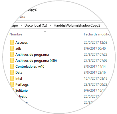 Para montar un punto de restauración, lo seleccionaremos de la lista y haremos clic en el botón Mount y esto montará el punto de restauración y podremos abrirlo en el Explorador de archivos para ver su contenido:
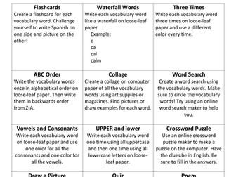 Spanish Vocabulary Homework Choice Board Teaching Resources
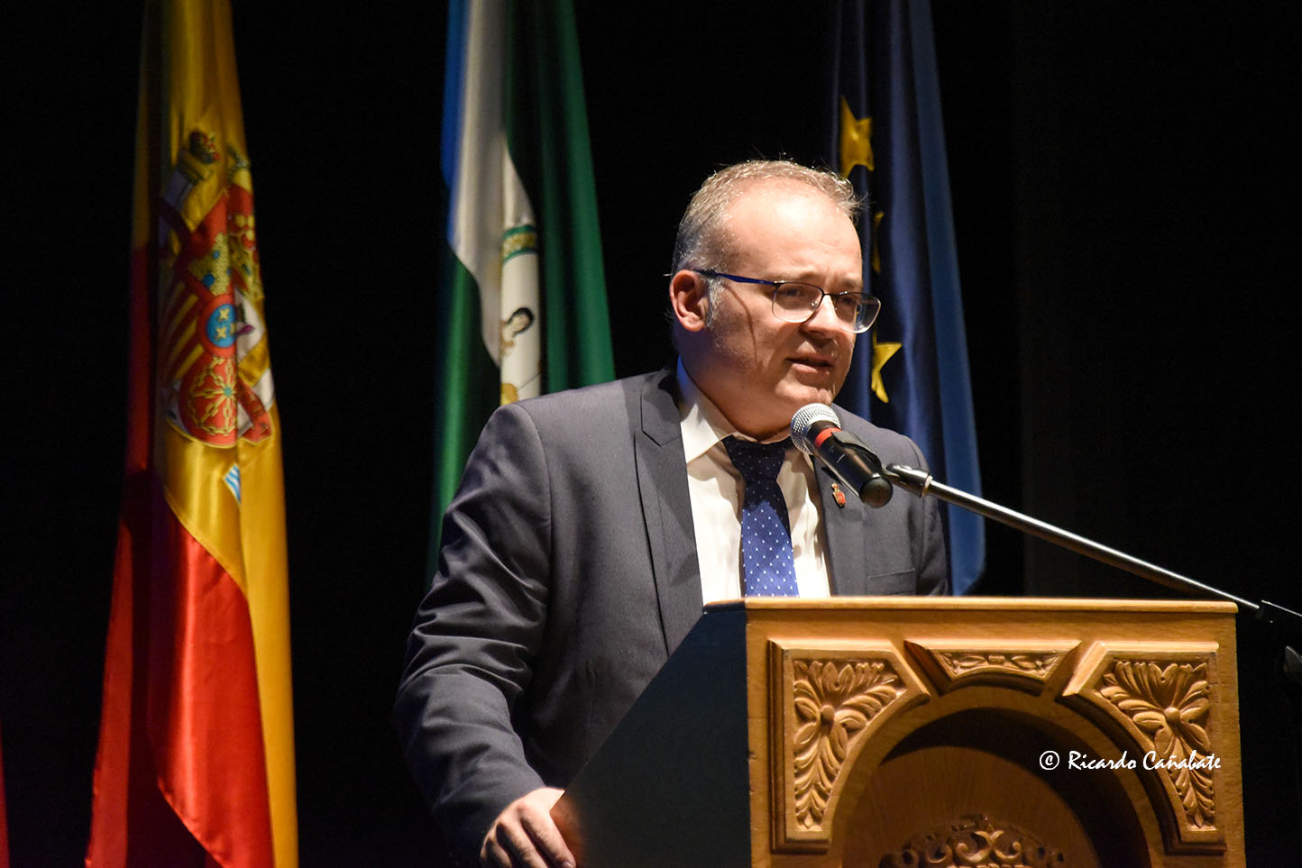 El acto, presentado con mucho estilo por Vanessa Mesas, incluyó sendas actuaciones de la Escuela de baile de Maribel Cano y l presentación que del pregonero hizo el alcalde bastetano. Bueno, lo de “hizo”, con ciertas reservas. Y es que Pedro J. Ramos empezó su discurso en modo alcalde, pero no tardó mucho en confesar que el verdadero discurso de presentación del pregonero le venía amablemente “impuesto” por el propio pregonero, así que no tuvo más remedio que ceñirse al guion y, aunque los textos llegaron a superar su postura formal en algunos momentos, como su risa denunciaba en ocasiones, lo cierto es que sirvió para dar a conocer al pregonero, a los que no lo conocían, si bien la mejor presentación fue la que de sí mismo hizo Míguel a lo largo de toda su intervención.

* [Problem to solve] Return the material in full and unaltered, minus its pictures.

* [Answer space]
 Para montar un punto de restauración, lo seleccionaremos de la lista y haremos clic en el botón Mount y esto montará el punto de restauración y podremos abrirlo en el Explorador de archivos para ver su contenido:
 Spanish Vocabulary Homework Choice Board Teaching Resources
 El acto, presentado con mucho estilo por Vanessa Mesas, incluyó sendas actuaciones de la Escuela de baile de Maribel Cano y l presentación que del pregonero hizo el alcalde bastetano. Bueno, lo de “hizo”, con ciertas reservas. Y es que Pedro J. Ramos empezó su discurso en modo alcalde, pero no tardó mucho en confesar que el verdadero discurso de presentación del pregonero le venía amablemente “impuesto” por el propio pregonero, así que no tuvo más remedio que ceñirse al guion y, aunque los textos llegaron a superar su postura formal en algunos momentos, como su risa denunciaba en ocasiones, lo cierto es que sirvió para dar a conocer al pregonero, a los que no lo conocían, si bien la mejor presentación fue la que de sí mismo hizo Míguel a lo largo de toda su intervención.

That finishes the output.